Friday's Old Fashioned: The Naked City (1948)

“The Naked City” contains perhaps the most famous two lines in cinematic voiceover history, so famous that everyone knows them whether or not they have seen the film. They go like this: “There are eight million stories in the naked city. This has been one of them.” Of course, those lines don’t arrive until the very end and the narrator (Mark Hellinger) is omnipresent throughout, adding perhaps the most critical layer of texture to Jules Dassin’s, uber-gritty, icona-classic noir film. Beginning with the camera checking up on all manner of New York locations, iconic and unmemorable and in-between, Hellinger advises us that what we are about to watch is yes, most assuredly, a movie. It is, however, a movie unlike most with which we as an audience would have been familiar at the time.

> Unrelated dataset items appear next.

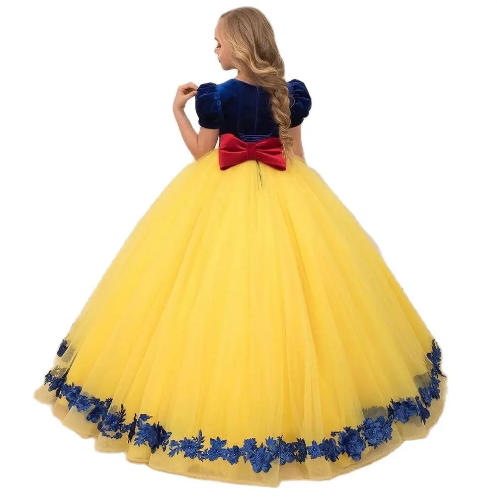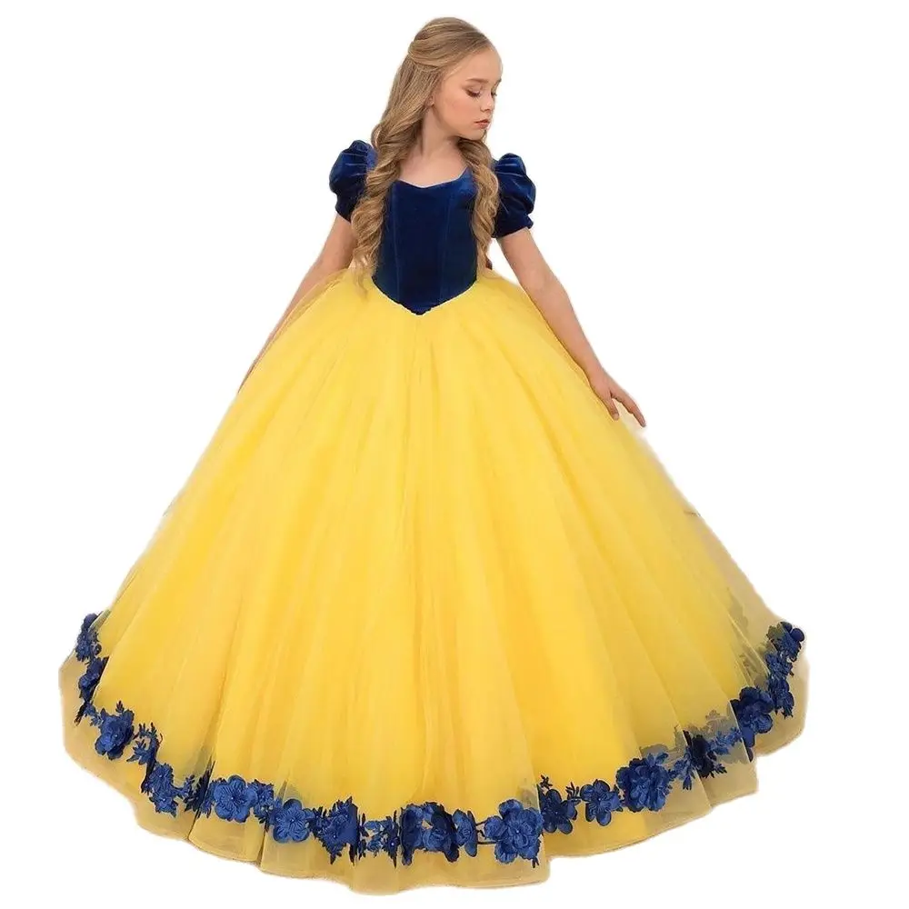 Желтое платье для девочки с цветами, пышное Тюлевое платье для первого причастия, платье с коротким рукавом для девочки на день рождения, платье принцессы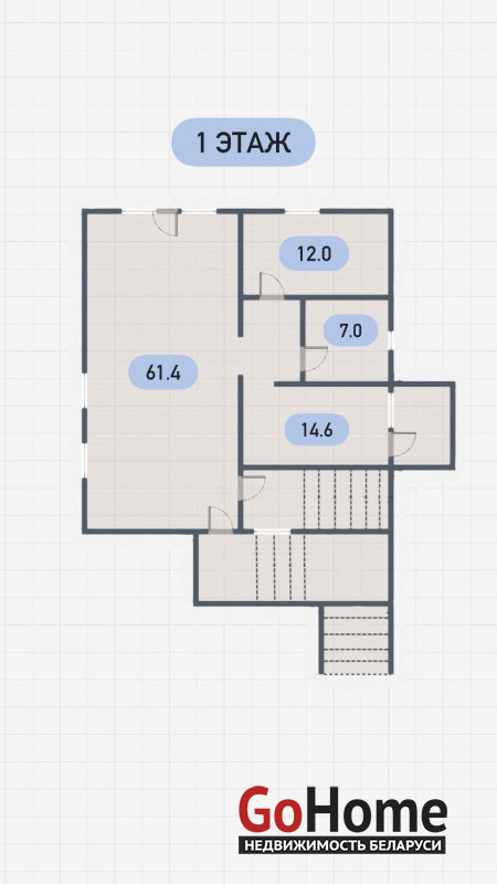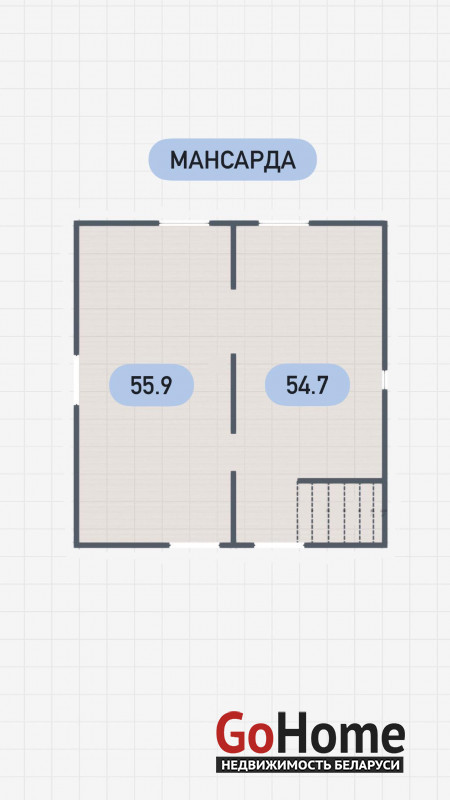 На первом этаже расположены три комнаты (61,4 кв.м, 12,0 кв.м), кухня площадью 14,6 кв.м с выходом на балкон и совмещенный санузел на 7,0 кв.м. Мансардный этаж включает две жилые комнаты площадью 55,9 и 54,7 кв.м. Цокольный этаж состоит из гаража и топочной общей площадью 98,4 кв.м с высотой потолков 2,58 м.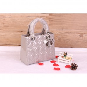 Lady Dior Bag Patent leather D1655 Pearly Gray with Silver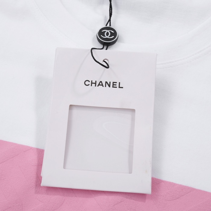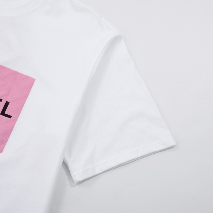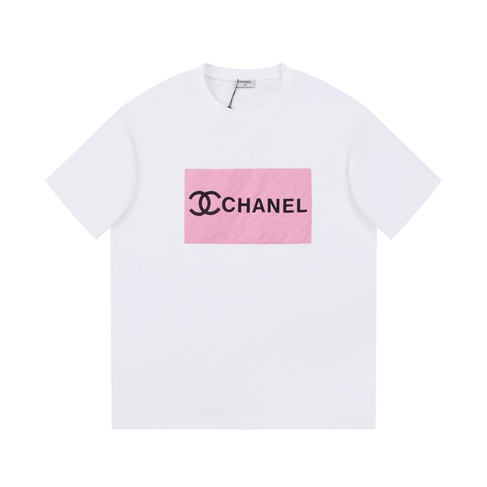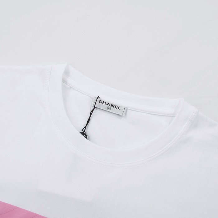 シャネルユニセックスクルーネックホワイト半袖Tシャツh418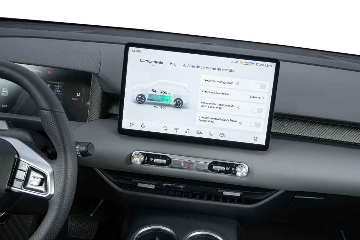 A tecnologia também é virtude do S5 EV, dispondo de painel de instrumentos digital de 10,25”, bastante completo, mas com grafismo pouco personalizável, e ecrã central tátil de 12,8”, este último de ótima leitura e com módulo de infoentretenimento caracterizado por ícones de atalho e por boa rapidez de resposta. O sistema garante navegação e conectividade sem fios a Android Auto e Apple CarPlay.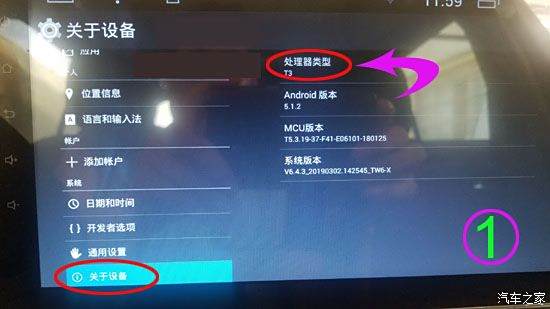 车机加电(不要启动发动机),点击“设置”——“关于设备”,如图,如果处理器是T3,继续阅读以下文档,向后操作,否则,取消本次操作;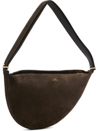 LWG-certified suede shoulder bag. · Adjustable shoulder strap · Logo stamp at face · Zip closure · Card slot at interior · H8" x W13" x D1.5" Supplier color: Pepper Leather. Made in Italy 251771F048014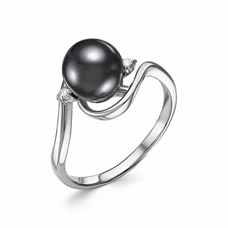 Кольцо с искуственным жемчугом родированное серебро 925*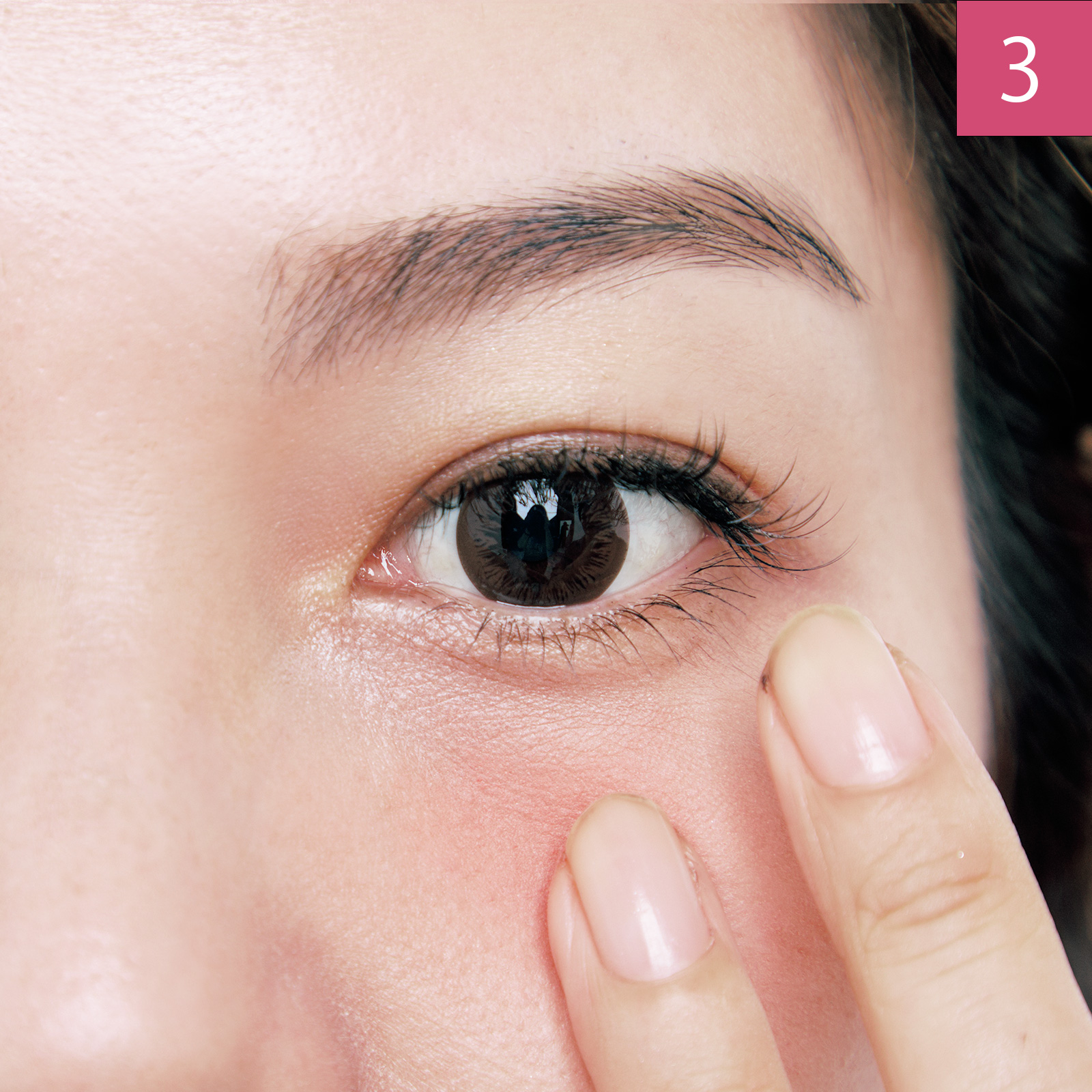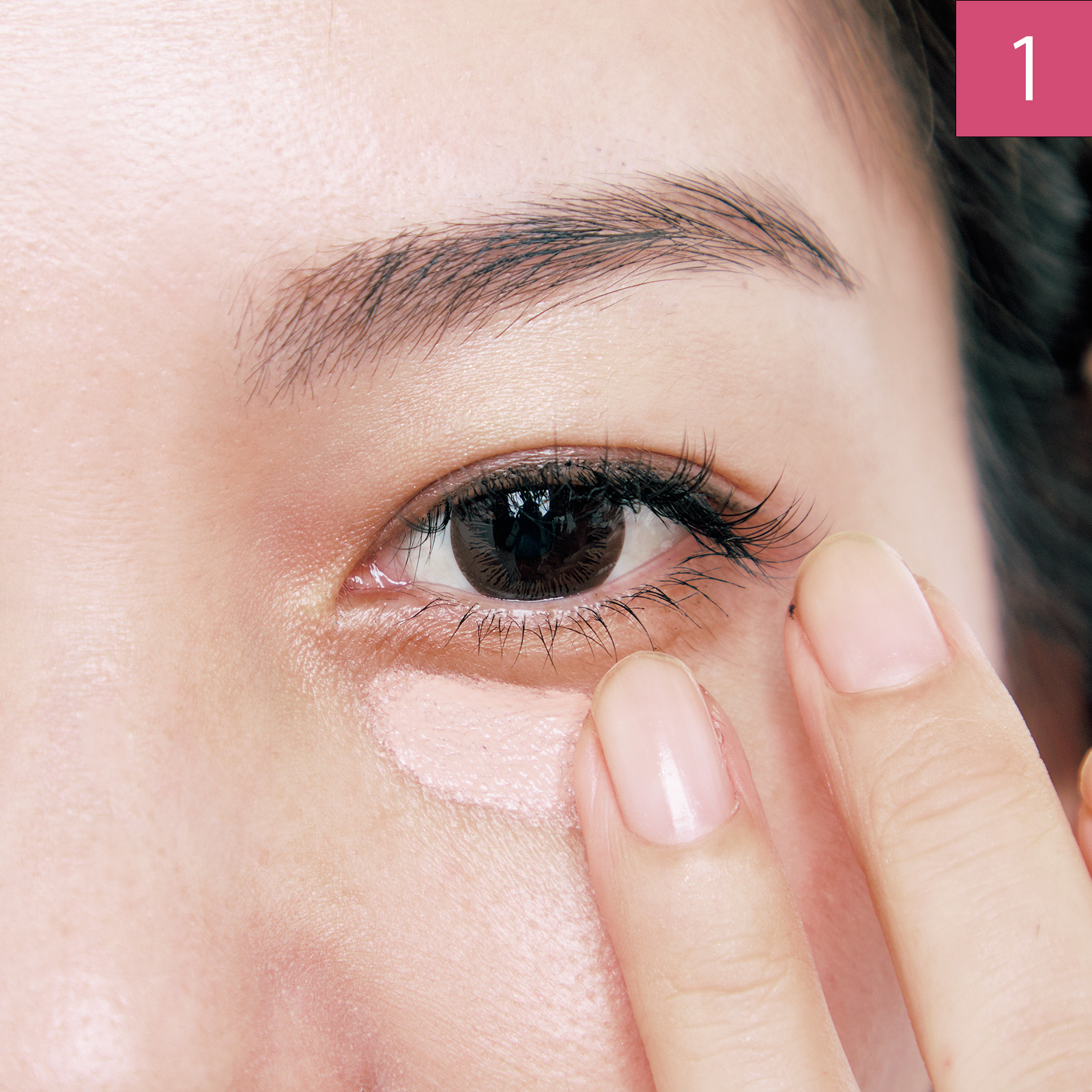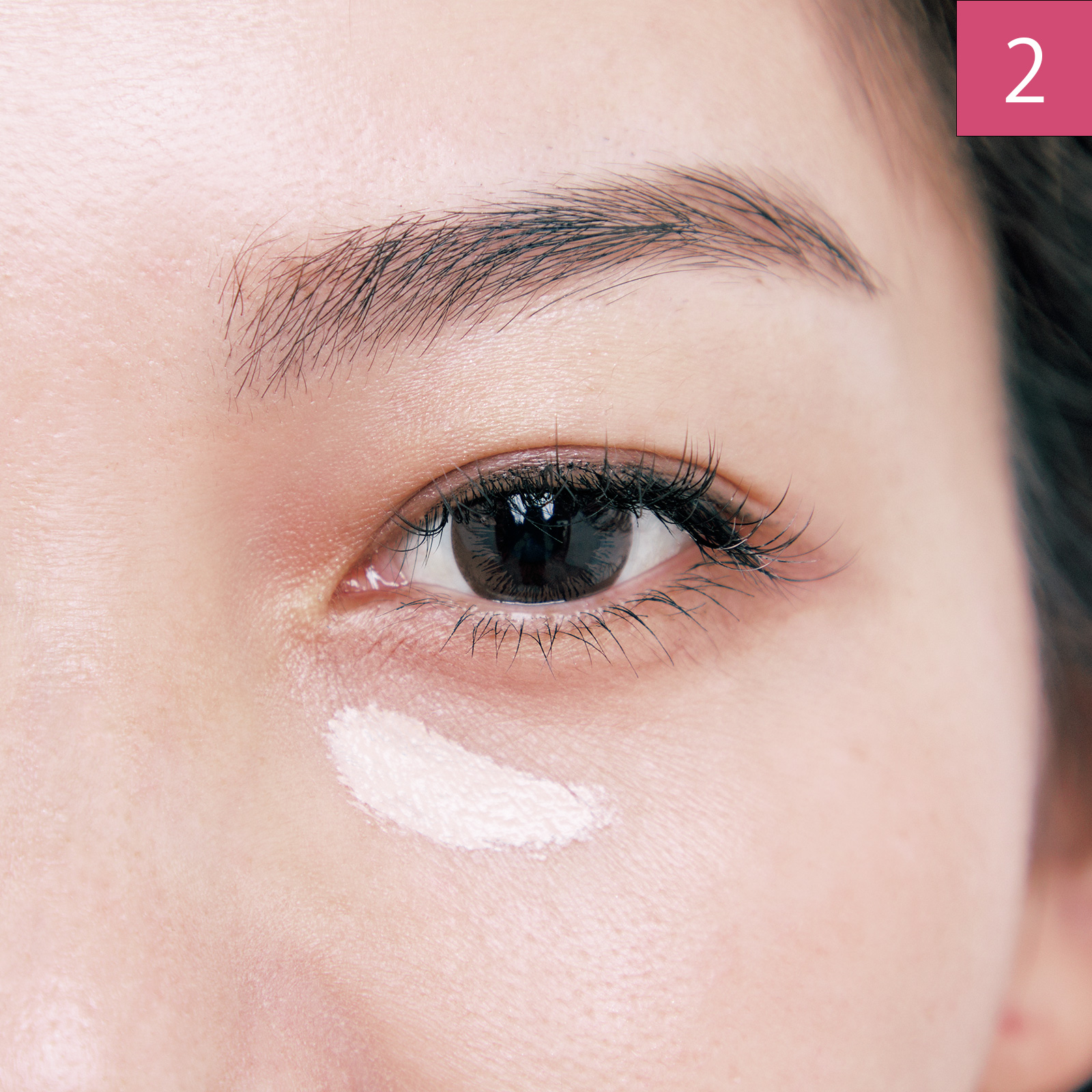 写真中央のピンクコンシーラーを涙袋の下からクマ部分に広げます。薄くのばし広げ、色補整しながらクマをカバー。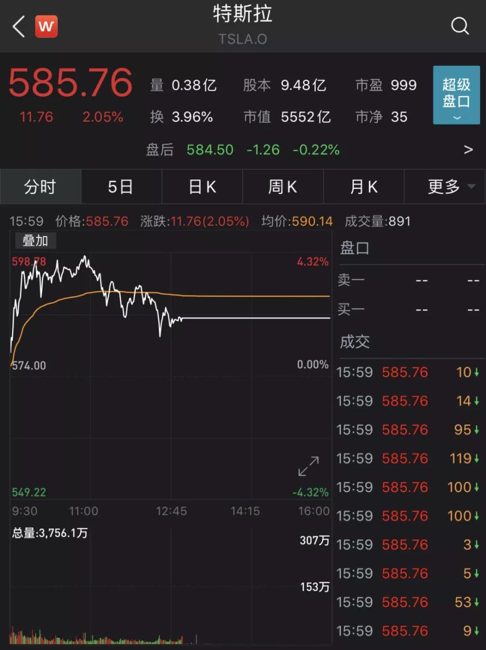 (小标题)特斯拉市值达5552亿美元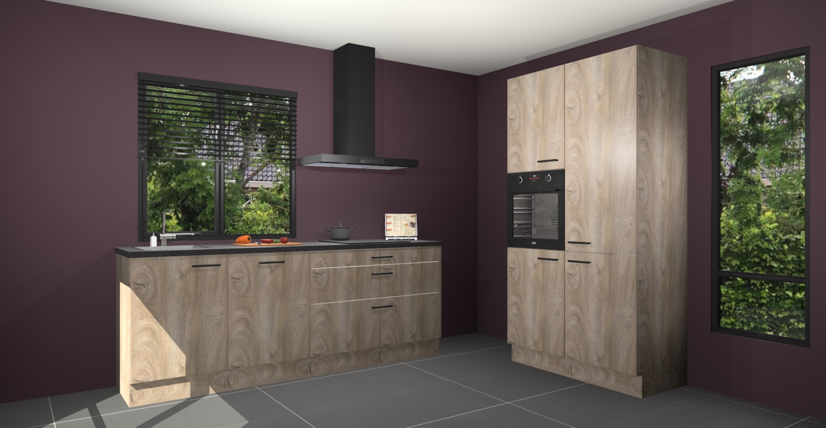 De setting is compleet gemaakt door de vijf inbouwapparaten: wanneer u gaat bestellen kunt u upgraden naar AEG-apparaten als oven, inductieplaat, afzuigkap, vaatwasser en koelkast. Kiest u voor onze Cantaro eiken keuken Monaco, dan weet u zeker dat u te maken heeft met Duitse kwaliteit. Bovendien is er altijd sprake van een lage prijs en profiteren we aantrekkelijk leveringstermijn: die bedraagt slechts 7 weken ! Om het extra makkelijk te maken worden de keukenkasten reeds voorgemonteerd geleverd.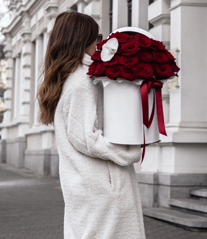 A masterpiece of romance and elegance, the Eternal Scarlet & Orchid Hatbox is a luxurious floral arrangement featuring lush deep red roses complemented by a single delicate white orchid. This striking contrast symbolises both love and purity, making it the perfect statement gift. Presented in a sophisticated white hatbox, elegantly tied with a satin ribbon, this arrangement embodies timeless beauty and refinement.
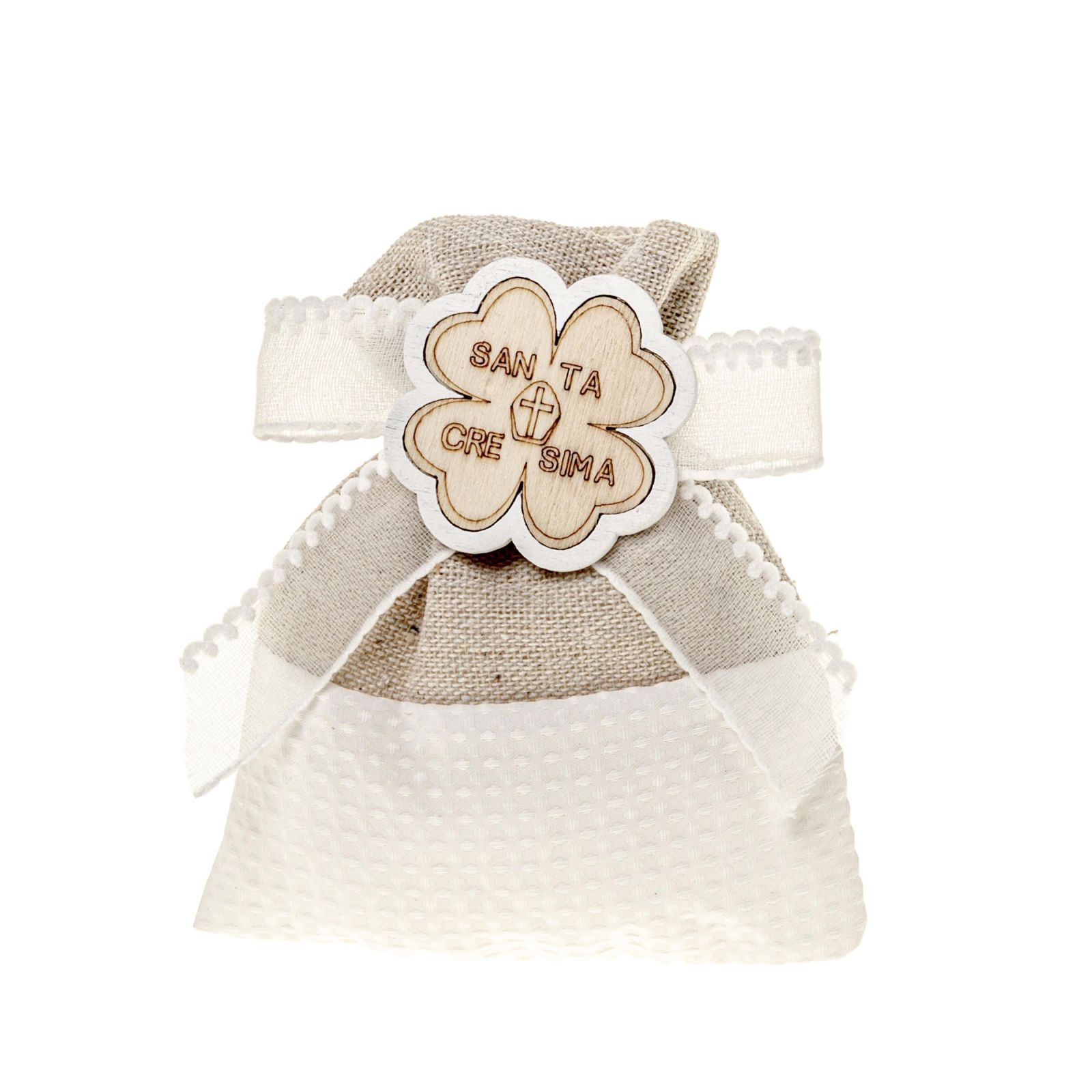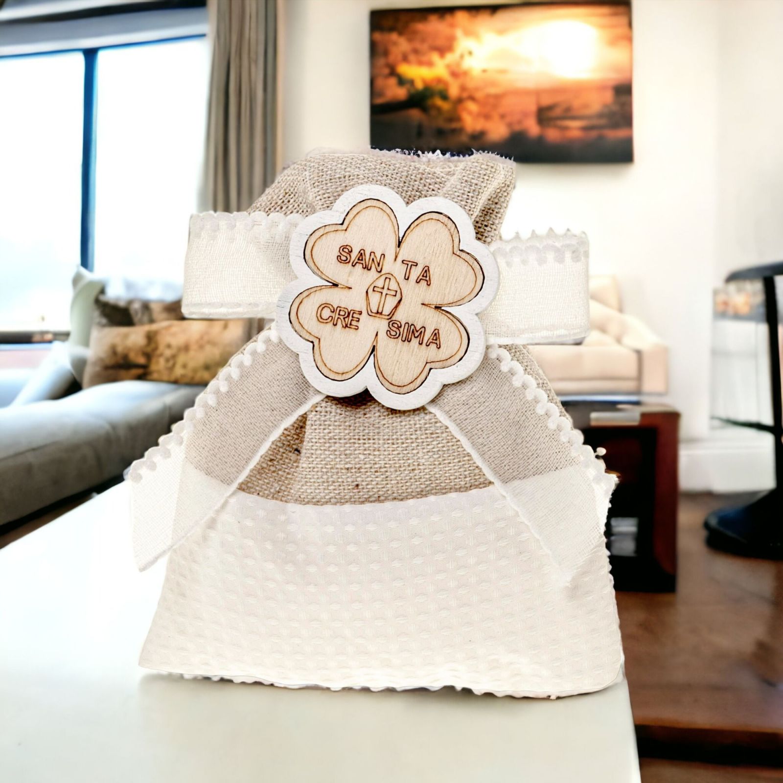 Regala un dono speciale per la Cresima di una persona cara con questo bellissimo sacchettino in cotone juta bianco e beige con un fiocco in organza bianco ed un quadrifoglio in legno con la scritta "La mia Cresima". Uno splendido portafortuna per una confettata in stile originale. Un'idea regalo esclusiva per una giornata importante, il sacchetto è un pensierino originale che sarà ricordato a lungo.

It was shot not on sound stages but on real live New York locations, its camera moving to and fro, freely, throughout the city and allowing people and cars to move liberally in the background of shots out windows to reinforce the impression that what we are watching is the real thing. William H. Daniels won the Academy Award for Cinematography and it’s richly deserved, not simply for carrying his camera around on bona fide concrete but for the way he makes so many tried & true cobs & robbers moment ring out instead with a kind of NYC neo-realism. Consider the brief shootout set on a fire escape. Daniels places his camera in a wide shot from just below, cross-cutting occasionally with more intimate action, but that broader angle makes it seem as if the audience was simply passing by below, perhaps on its way home after dinner and a show, and wandered into the middle of the wild, wild east.

It feels like we’re eavesdropping on an entire city, awake and at play. It’s 1 AM on a Sunday night, Hellinger tells us, and like the journalist he really was in real life the camera elicits the sensation of a newspaperman’s point-of-view, out and about at an ungodly hour and trying to find a story to weave for the morning papers. As the camera flits about, momentarily stopping on all manner of residents, For the briefest of moments, we linger on a woman cleaning the floor of a bank, and hear her mutter to herself: “sometimes I think this world is made up of nothing but dirty feet.” It sounds, doesn’t it, like the opening sentence to some tightly coiled mystery book that turns out better than its cover might lead you to believe, and I half-yearned for “The Naked City” to track a day in her life. Ah, but you know what hackneyed movie newscasters say: If it bleeds, it leads.

That’s how we end up, when the opening monologue is all said and done, in the apartment of Jean Dexter, a model who’s just been murdered. We meet the murderers, so their identity is no secret even if their motivation is. We meet the detectives assigned to the case who go through the requisite motions and reversals, conducting interviews and following leads, eventually untangling the web. And what’s surprising is just how ordinary this entire criminal investigation feels. Surprises are minimal and no deeper psychological insight is truly gleaned from the wrongdoing itself or from those who perpetrated it. And that’s okay, because the very point of the case at the core of “The Naked City” is its ordinariness. If this is but one of 8 million stories then it’s reasonable to assume, right, that, say, 1.7 million other stories are akin to this one.


The city is the main character and its actual characters are simply playing supporting parts, beholden to the city’s simultaneous overwhelming size and suffocating intimacy. To live it, you have to make peace with hit, as Det. Muldoon (Barry Fitzgerald) has done. He may have been on the force for two decades but he’s not grizzled, not depressed, not counting the days ‘til retirement. There’s a magnificent shot when he’s perched at his window watching a few girls below playing a rope-jumping game and speaks to the way he treats detective work – as a game. Every new development results in heightened eyebrows, a quizzical smile.

His partner, Jimmy Halloran (Don Taylor), is the obligatory newbie, and the only scene that gets away from the urban jungle is one at home with his wife which is set to chirping music like it’s a scene from The Donna Reed Show. And yet, a subtle undercurrent of darkness lingers, emblemized by his wife asking her hubby to give their son a spanking. Jimmy seems to know he needs to but can’t bring himself to do it, likely because his hearth & home is his safe haven, the place where everything is supposed to be as happy as that music on the soundtrack makes it seem.

That’s what makes the end so powerful. On the surface, it’s just another chase sequence topped with a case of Climbing Killer Scenario. But it’s so much more. It’s the principal villain thinking he can be swallowed up by the city, never to be found, only to wind up completely exposed and helpless, which is pretty much the perfect metaphor for what the big city inevitably does to us all.